As frases estavam descontextualizadas e foram editadas. Um paciente tinha perdido todos os acessos, a médica estava discutindo comigo, e eu disse: “Perderam os acessos [às veias]?”. E ela: “Perderam”. E eu disse: “Mas só matando essa gente”. Isso é um comentário informal, um desabafo, porque só matando de vez em quando [risos]. Porque a pessoa não pensa no paciente como se fosse um seu [familiar ou amigo].

“Girar a UTI” é um termo que a gente usa, a demanda de leito de UTI é muito alta e a oferta é ínfima. Você abre uma vaga e tem cinco, seis pessoas esperando. Você tem uma responsabilidade muito grande e acaba ficando numa situação do livro e o filme “A Escolha de Sofia”. É extremamente cruel, porque não tem como saber se o que tem mais chance é o que vai sobreviver.

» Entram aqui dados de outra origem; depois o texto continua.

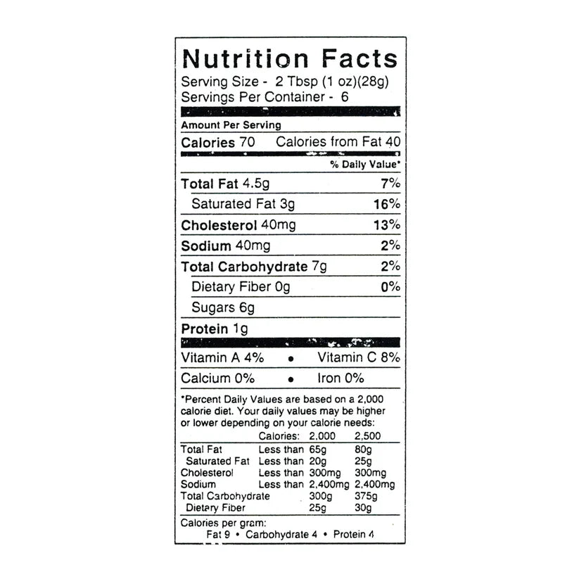 Ingredients: Key Lime juice, sugar, butter (from milk), whole eggs
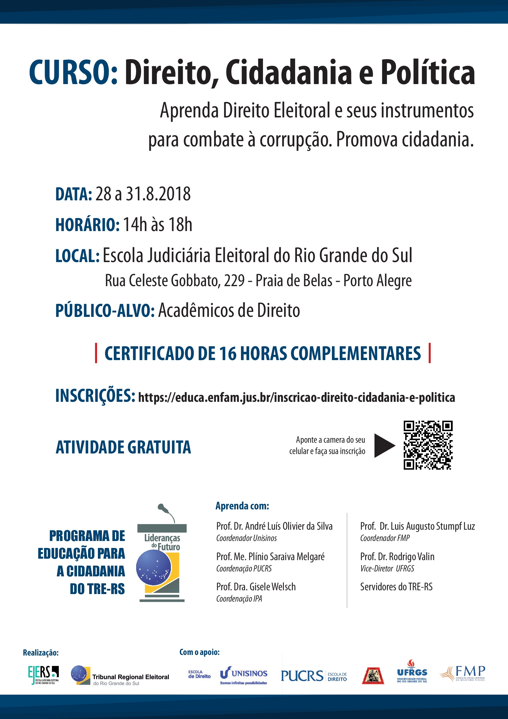 A Escola Judiciária Eleitoral do Rio Grande do Sul (EJERS) promoverá a primeira turma da primeira edição do Curso "Direito, Cidadania e Política", cujo público alvo são acadêmicos de Direito (público externo, exceto estagiários da Justiça Eleitoral), realizado em parceria com algumas das principais instituições de ensino da Grande Porto Alegre.
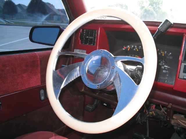 Under Construction:::stock,94 chevy guage cluster, 92 454 ss seats and center console,shaved door handles, shaved guage bezzel thing, misc. color matched painted interior peices,auto loc shaved door handle kit, budnik tusk steering wheel
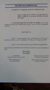 A Secretaria de Saúde da Bahia (SESAB) publicou, nesta quarta-feira, 14/10, o Governo do Estado da Bahia, decreta, através do ARt1ª – Ficam revogados o art 2º do Decreto nº 19.529, de 16 de março de 2020, que suspendia as férias e licença prêmio dos servidores públicos da saúde.
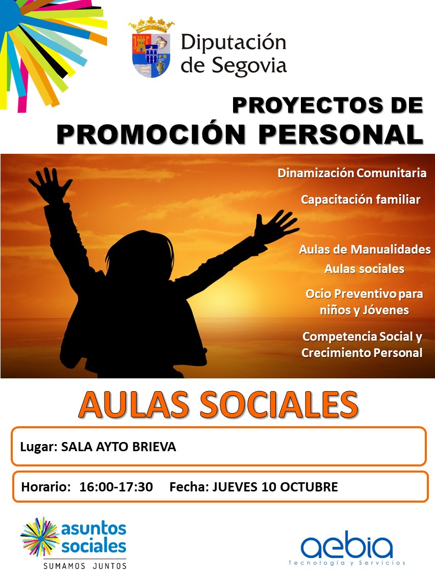 AULAS DE SOCIALES AULAS DE SOCIALES PROYECTOS DE PROMOCION PERSONAL. DIPUTACION DE SEGOVIA. SOCIALES JUEVES 10 de octubre 16:00 a 17:30 h, en el TELECLUB.
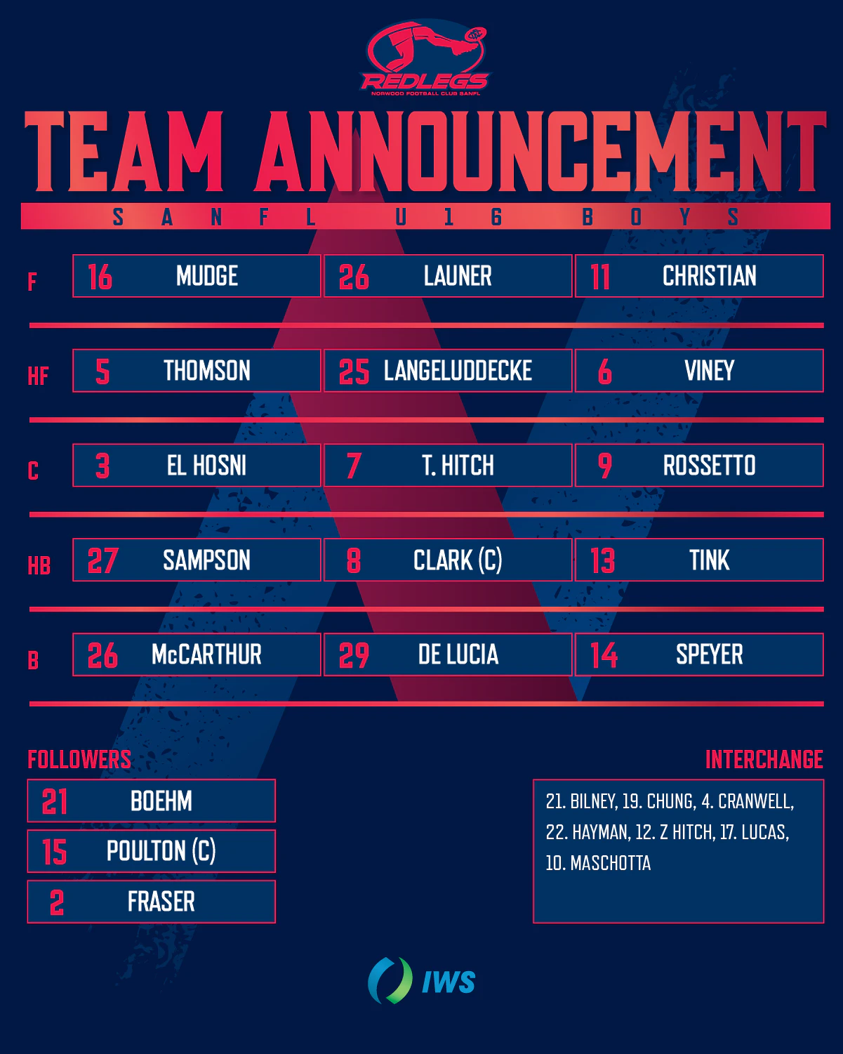 Teams: SANFLW Trial, U18 Girls, U18 Boys, U16 Boys
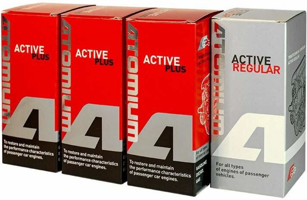 Přípravek Active Plus je novým produktem osvědčené řady ATOMIUM Active. Obsahuje optimální kombinaci aktivních složek, které jsou maximálně účinné pro veškeré spalovací motory automobilů, benzinové i dieselové o objemu 1,5 do 2,5 litru s olejovou náplní 4 až 7 litrů.Active Plus se mimo jiné, také doporučuje pro ošetření všech čtyřtaktních motorů používaných u motocyklů, sněžných skútrů, čtyřkolek, lodních motorů a stacionárních motorů, má však další bohaté využití v nejrůznějších zařízeních vybavených spalovacími motory.Pro benzinové méně namáhané, nepřeplňované a dvoutaktní motory se doporučuje použití přípravku Active Standard (je součástí sady).Sada obsahuje tři kusy tribo přípravku Active Plus a jeden kus přípravku Active Regular.Principy účinku Active PlusActive Plus je výsledkem dlouhodobého vědeckého vývoje vycházejícího ze základů tribologie (z řeckého τρίβω, v překladu třít, jedná se o vědecký obor, zabývající se procesy tření, opotřebení a mazání).Vlivem aplikovaných tribosložek se na inkriminovaných třecích plochách dílů vytváří ochranná kovová vrstva, na které lépe ulpívá olejový film motorového oleje a tím se zásadně snižuje tření a eliminuje celkové opotřebení.Základ tribotechnické složky tvoří částice aktivního minerálu, ty se při chodu motoru dostávají i do míst kde vzniká velký tlak a teplota přesahuje 1000 °C. Částice minerálů pozitivně mění průběh třecích procesů. Povrch dílů tak získává novou schopnost lepe„zachycovat“ mikročástice kovu, které se nacházejí v mazivu. Postupně se na celé opotřebované ploše vytvoří souvislá kovová ochranná vrstva, jejíž charakteristickým rysem je porézní struktura s množstvím miniaturních pórů. Částice minerálů však i nadále zůstávají součástí oleje a působí i na dalších třecích plochách motoru.Vzniklá struktura mikropóru se dobře zaplní olejem a vytvoří kompaktní, souvislý film na povrchu a ten má potom mimořádnou schopnost tam dlouho ulpívat i v době kdy motor není v činnosti. Taková ochranná vrstva je schopna odolávat větším zátěžím i v porovnání s původním továrním povrchem. Výsledkem je celkové zlepšení funkcí motoru a dlouhodobě potom nedochází k jeho nadměrnému opotřebení, významně prodlouží jeho životnost se zachováním jeho původních parametrů.Standardní postup při aplikaci aditiva Active Plus:První dávka, obsah jedné lahvičky aditiva se přidá do oleje přibližně 1000 kilometrů před plánovanou výměnou oleje.Druhá dávka se přidá po výměně do čerstvého oleje a působí po celou dobu mezi servisními intervaly.Třetí dávka se použije u automobilů s celkovým nájezdem 50 000 kilometrů a více. Aditivum se potom aplikuje po další plánované výměně oleje, v tomto případě potom dojde k dosažení maximálně možného regenerační účinku u starších motorů.V případě třech výměn se doporučuje, zakoupit celou sadu pro komplexní cyklus ošetření na místo jednotlivých dávek.InstrukceOšetření motoru tribotechnickou složkou „Active Plus“ probíhá ve třech fázích. V každé fázi je nutné přidat aditivum do motorového oleje podle následujícího postupu:Zahřejte motor na provozní teplotu (běžný provoz).Vypněte motor.Důkladně protřepejte obsah lahvičky, aby se usazenina ze dna rovnoměrně rozptýlila po celé tekutině.Nalijte 1 lahvičku přípravku do hrdla pro dolévání oleje motoru. (Pokud objem olejového systému přesahuje 7 litrů, je nutné použít „Active Premium“ nebo „Atomium MAX Engine“).Ihned po přidání přípravku proveďte jízdu autem po dobu 20–25 minut v běžném provozním režimu.Po dokončení procedury lze automobil používat v běžném režimu. Kompletní ošetření motoru se provádí podle následujícího schématu:Nájezd:méně než 50 000 kmvíce než 50 000 km1. fáze:Nalít 1 lahvičku aditiva do pracovního olejeNájezd do běžnévýměny oleje**Nájezd 500–1000 km**Výměna oleje a olejového filtru2. fáze:Nalít 1 lahvičku aditiva do nového olejeBěžný provozNájezd do běžné výměny olejeDalší použití Active Regular.***Výměna oleje a olejového filtru3. fáze:Není vyžadováno.Nalít 1 lahvičku aditiva do nového olejeBěžný provoz* U nového motoru (do 50 000 km) se doporučuje přidat první lahvičku nejméně 1000 km před výměnou oleje.** Pokud do běžné výměny oleje zbývá více než 1500 km, je nutné provést kapkovou zkoušku oleje každých 500–1000 km. Pokud olej zčerná, je třeba jej vyměnit předčasně a přejít k druhé fázi.*** Pro udržení účinku a ochranných vlastností doporučujeme po ošetření přípravkem Aktiv Plus používat přípravek Active Regular při každé výměně oleje.Ošetření čtyřtaktní mototechnikyZahřejte a vypněte motor.Důkladně promíchejte obsah lahvičky, aby se sediment na dně rovnoměrně rozptýlil po celém objemu kapaliny.Nalijte přípravek do olejové plnicí hrdla v množství 7 ml na 100 cm³ pracovního objemu motoru.Spusťte motor na 15–20 minut v běžném režimu.Po ujetí 300–400 km vyměňte olej a olejový filtr.Znovu důkladně promíchejte zbytky přípravku v lahvičce.Přidejte aditivum do nového oleje (7 ml na 100 cm³).UPOZORNĚNÍ! U vysoce výkonných motorů se doporučuje během první hodiny nepřetěžovat motor nad 70 % jeho běžného výkonu!Aditivum "Active Plus" je určeno k obnovení výkonových charakteristik a ochraně proti opotřebení benzínových/ dieselových a plynových motorů osobních automobilů, jak nových, tak starších. Může být použito pro přeplňované a turbodmychadlové motory.Bezpečnostní opatřeníPři běžném použití nepředstavuje žádné riziko pro zdr
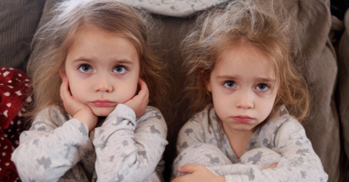 Jis parodė į sofą. Mūsų šešiametės dvynės Ema ir Lilė buvo susisukusios viena šalia kitos. Jos buvo avėdamos batus, o kuprinės gulėjo ant grindų šalia jų.
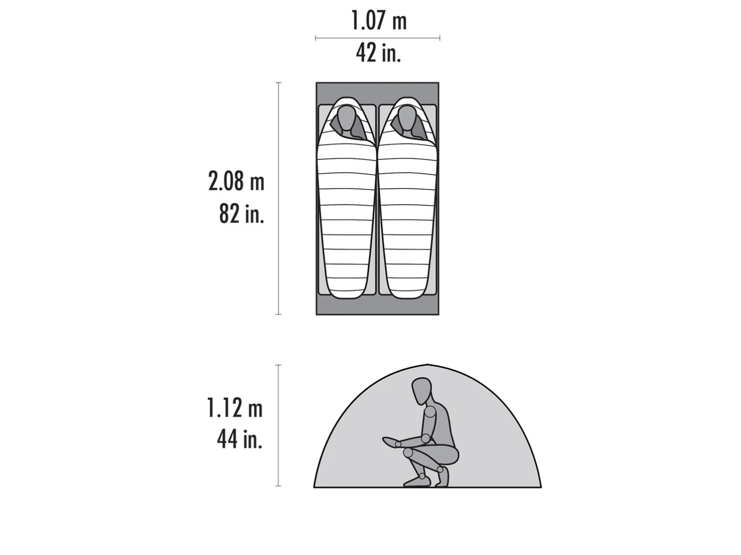 The Advance Pro 2 is MSR’s premier tent for lightweight alpinism, and is an ultralight 2-person 4-season single-wall tent. This compact tent utilizes just 2 poles with a sleeve for one and clips for the other which allows for quick and easy set-up in storms and tight spaces. The upper tent body is made with a 2-layer waterproof-breathable 20d ripstop nylon fabric. The floor is a thicker waterproof 30D ripstop nylon with a 3000 mm Xtreme Shieldâ„¢ polyurethane coating and durable water repellent finish. The is a single wall style tent, and so the tent body is also the rainfly and there is no separate rainfly to drape over the top. The amount of space in the tent is made to be tight for 2 people and roomy for one person with gear. The polyurethane applied tent fabric is best suited for cold and dry high altitude environments. Other features include a single zippered door on one end that zips down towards the floor of the tent, 2 mesh-backed peak vents on the sides, ultralight Easton® Sycloneâ„¢ composite poles, and numerous low and high-level guy-out points at the corners, sides, and top of the tent for high wind security and stability. This is a highly specialized lightweight mountaineering tent.
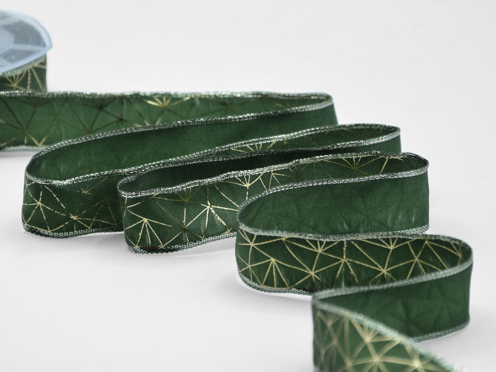 Carlotta Bordi Lurex Animati 25 mm Stampa Geometrico Verde Inglese. Questo nastro taffetà, Carlotta, è setoso e lucido. Il suo tessuto è formato da fili sottilissimi che donano un aspetto particolarmente ricercato e il bordo in rame permette di fare confezioni perfette, ben modellate, particolarmente adatte per la pasticceria, la dolciaria, il cake-design e tutta la vetrinistica. Qui è presentato in una versione stampata con la tecnica di serigrafia laminata oro. Codice colore #633 - CONFEZIONATO IN BOBINA DA METRI 10
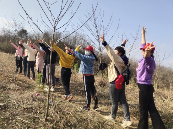 当天上午,大家个个热情高涨,从磨旗山脚下,踏着欢快的步伐向山顶进发。一路上,大家欣赏着大美春光,尽享登山乐趣,欢歌笑语不停,笑声掌声不断,既放松了心情,又激发了活力。
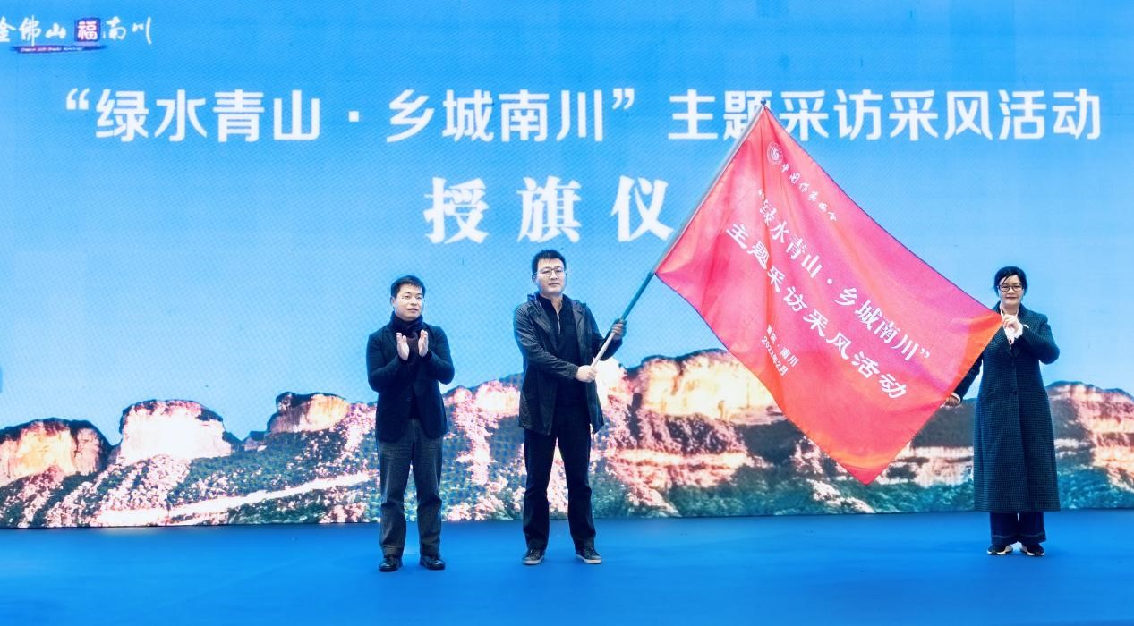 授牌儀式上,彭學明、冉冉、康平分別代表中國作協(xié)、重慶市作協(xié)和南川區(qū)簽訂“新時代文學實踐點”三方合作協(xié)議。邱華棟、冉冉分別代表中國作協(xié)、重慶市作協(xié)向南川區(qū)授予中國作家、重慶作家“深入生活、扎根人民”新時代文學實踐點牌匾。鄧凱向作家代表冉冉、海飛授旗,正式啟動“綠水青山·鄉(xiāng)城南川”主題實踐活動。

O que a sra. pensa sobre a eutanásia e ortotanásia?
A eutanásia é proibida por lei. Acho que o nosso país precisa de uma discussão muito séria, mas acho que não é o momento. Tem família que te propõe isso independente se o doente tem chance ou não.
Você tem um pensamento como médico, pela literatura e por leis. Como cidadão, muitas vezes você dá alta e fica refletindo.

O que pretende fazer agora?
Eu faço pesquisa num processo de auditoria externa pra ver grau de confiabilidade dos laudos de exame, diretamente com o paciente, via telefone. Eu converso, pergunto tudo. Tem sido uma receptividade muito grande até pra uma espécie de telemarketing. Fora isso vou aguardar o processo, que vai ter andamento.